Angka kematian akibat penyakit yang disebabkan oleh bakteri leptospira itu pada 2018 mencapai lima orang sedangkan di 2017 ada sembilan orang.
"Tingkat fatalitasnya masih cukup tinggi meski secara kasus jumlahnya menurun," kata Kepala bidang Pencegahan dan Pengendalian Penyakit, Dinas Kesehatan Kulon Progo, Baning Rahayujati, Senin (7/1/2019).
Baca: Musim Pancaroba, Waspadai Demam Berdarah dan Leptospirosis
Leptospirosis merupakan penyakit yang disebarkan melalui urine atau darah hewan yang terinfeksi bakteri ini.
Beberapa jenis hewan yang dapat menjadi pembawa penyakit ini adalah anjing, hewan pengerat seperti tikus, dan kelompok hewan ternak seperti sapi atau babi.

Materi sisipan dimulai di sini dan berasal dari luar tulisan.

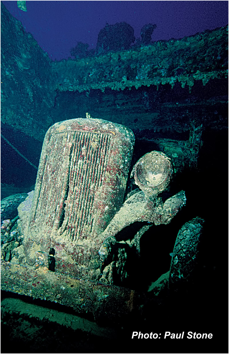 Below: Still locked to the decking this military transport vehicle is still fully loaded.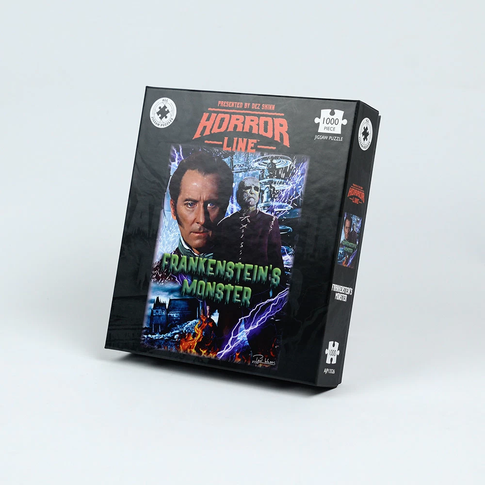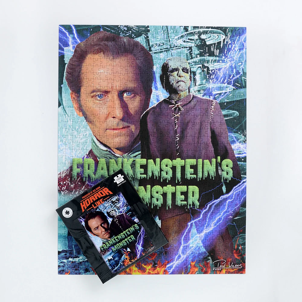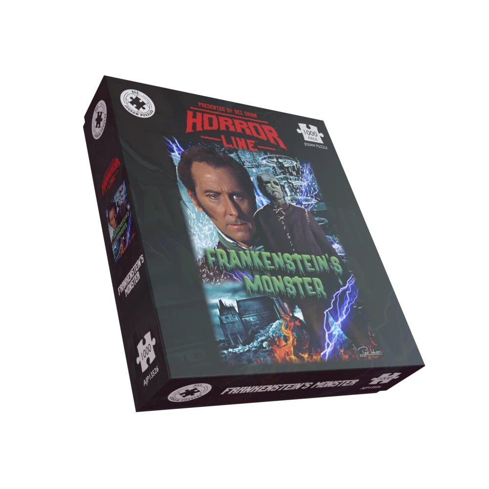 This captivating jigsaw puzzle features the spine-chilling artwork by Paul Watts, taken from Hammer Films’ 1964 chiller The Evil of Frankenstein. First showcased in the celebrated US magazine Little Shoppe of Horrors, this jaw-dropping image will thrill horror aficionados and haunt their puzzle nights!

Penularan kepada manusia bisa melalui jaringan kulit yang terbuka karena luka maupun membran mukosa pada mulut dan hidung.
Dalam kebanyakan kasus yang berujung kematian, penderita terlambat ditangani dengan kondisi ginjal yang sudah rusak akut oleh serangan bakteri sehingga pengobatan pun tidak banyak membantu.
Penyakit ini memiliki gejala awal berupa demam dan nyeri betis yang muncul dalam beberapa hari setelah terjangkit bakteri dan cenderung disepelekan penderita.
Padahal, ginjal mulai diserang bakteri pada kurun 3-5 hari setelah demam dan nyeri terjadi sedangkan kebanyakan kasus kematian itu terjadi pada hari kelima.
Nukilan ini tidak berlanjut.